GUEST - Warning Wildlife by Using Your Horn
Multi-lane highways are not wildlife viewing areas. Using them as such puts the animals, yourself, and other road users at significant risk.
Traveling north by motorcycle from Vernon around 6:20 am Saturday morning. Near the weigh scales, 90 km/h zone, 2 lanes northbound, with concrete barrier adjacent to the left lane. I noted an SUV in front of me in the right lane slowing, and then stopping.
There was a young deer, very nice 4 point buck, on the road in the right lane, so it was reasonable for the driver to slow and stop. However, as I came to a stop behind the Subaru Outback, reluctant to immediately go around to the left in case the deer went that direction, I could see that the deer was facing the ditch on the right side, and the driver and passenger were enjoying the close up encounter with wildlife, oblivious to the risk in their stationary position on a busy multi-lane highway
I also noted two vehicles approaching from the rear, one in each lane, at or near the speed limit.
My training and experience is that, once wildlife, or cattle, are facing away from the road, we should use our horn to scare them from the roadway. For the safety of the animals, the best strategy is to make the highway as inhospitable as possible. Passively viewing animals on the road is equivalent to leaving garbage out in bear country, or feeding waterfowl across the road from the lake. "Killing with kindness" comes to mind.
Recognizing the obvious risk of remaining behind the vehicle, I used my horn to inform the driver of my intent to pass on the left, and verified that there was still time to change lanes and avoid the truck approaching in the left lane.
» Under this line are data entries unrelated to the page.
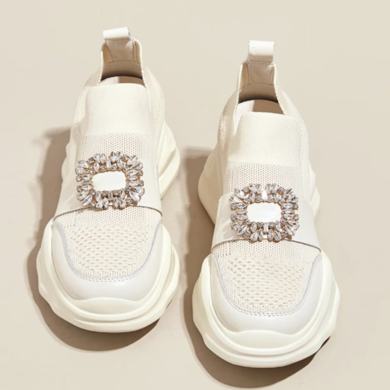 ビジューが散りばめられたトップラインが高級感を引き立て、足元を華やかに演出します。
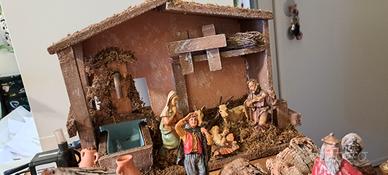 presepe con statuine, oggettistica, capanna con fontanella funzionante. tutto in ottimo stato.
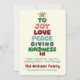 Joy Love Peace Giving and Kindness - wonderful sentiments for holiday greetings. Modern puffy lettering in a Tree Shape with a Shining star on top. Vintage Christmas colours include shades of red, green, blue, and pink for a distinctive personalized holiday card. You can personalize the message, the family name and individual names.
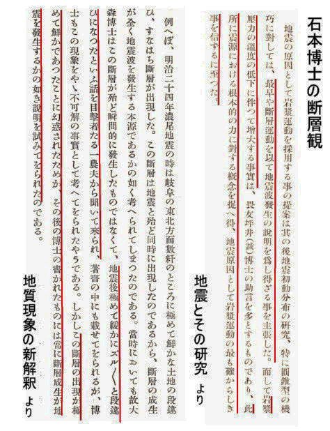 | 3054 Date: 2019-03-22 (Fri) 地震は断層運動という常識はすでに崩壊している 石本巳四雄博士が「地震の原因を断層運動ではない」と考えておられたのは、何らかの原因で「マグマの爆発的な貫入」が起きているからだと見ていたからですが、博士の記述した記事からそれを見てみます。 ![]() 当時は解離水という理解はありませんでしたが、解離反応は吸熱反応ですから、マグマの温度低下によって、マグマの圧力が高まるという視点(畏友坪井(誠)博士の助言)は現代の地震爆発論へと繋がる知見であります。 そして、「地震原因として、岩漿(マグマ)運動の最も確からしき事を信ずるに至った」とあります。 地質現象の新解釈は小川博士の著書ですが、その中に石本博士の見解が収録してあります。 とあります。断層が動くことが地震なら、ズルズルと緩慢な動きで断層が出来ることはありえないはずです。 ![]() この件は中国の四川省地震でも見られました。地震後に生徒たちが広場に集合してから、断層がコンクリートの破壊音を伴って出現したと報告されています。 ![]() 中国四川大地震より だから何も説明できないのだ! |
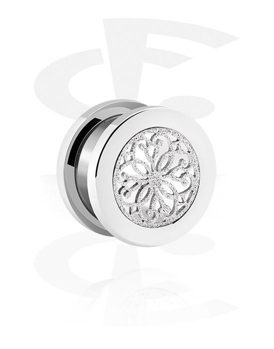 Tunnel, der skrues på (kirurgisk stål, sølv, blank finish) med mandala-vedhæng
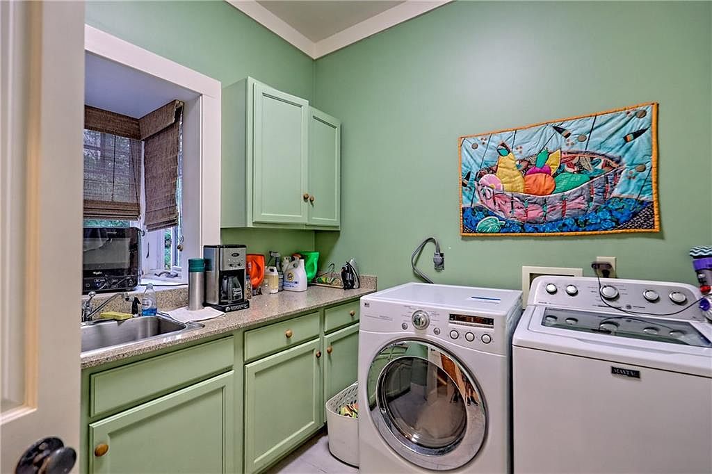 This cozy laundry room features a functional layout with side-by-side washer and dryer units in white, positioned beneath a wall adorned with a colorful, whimsical textile art piece. The cabinetry, painted in a muted sage green, complements the matching walls, creating a calming and cohesive aesthetic. A granite countertop spans across one side, offering ample workspace with small appliances and cleaning supplies neatly arranged. Natural light filters through a window outfitted with woven bamboo shades, enhancing the room’s bright and inviting atmosphere. Classic brass knobs on cabinets and a neutral floor tie the design together with understated warmth.
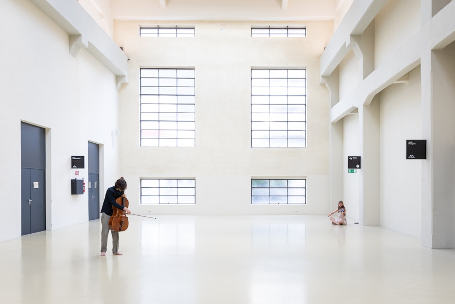 Die Eröffnung am Freitag, 27. Juni war so etwas wie ein akustisches Manifest dieses Geists. In der industriellen Weite der Kranhalle legten einige Musiker:innen des Amsterdamer Brainteaser Orchestra mit Industrial Echoes einen ersten feingesponnenen Soundteppich aus: akustisch, subtil, fast kammermusikalisch. Die Raumakustik zwischen Beton, Stahlträgern und natürlichem Abendlicht gab der Musik eine fast meditative Schärfe. Als später die volle Besetzung des Orchesters im Innenhof des NOI aufspielte, wurde daraus ein orchestraler Energiestrom, der mit Händen zu greifen war. Beton vibrierte, Luft flimmerte – Uhrzeit egal.

The horn of my motorcycle, feeble as it is, was sufficient to startle the deer, and he bolted for the ditch and brush on the right side of the highway.
As I continued on, back in the right lane, I contemplated that the driver and passenger of the Subaru may have been offended that I sounded my horn and ended their wildlife encounter. However, I was also mindful that the "emergency" was now over, and it was no longer safe, nor legal, to remain stopped on the traveled portion of the roadway.
Please, for the sake of the animals, and for the safety of road users, do what you can to make the highway an inhospitable place.
This article was contributed by Kim Young, Chief Instructor of the V-Twin Motorcycle Riding School in Kelowna.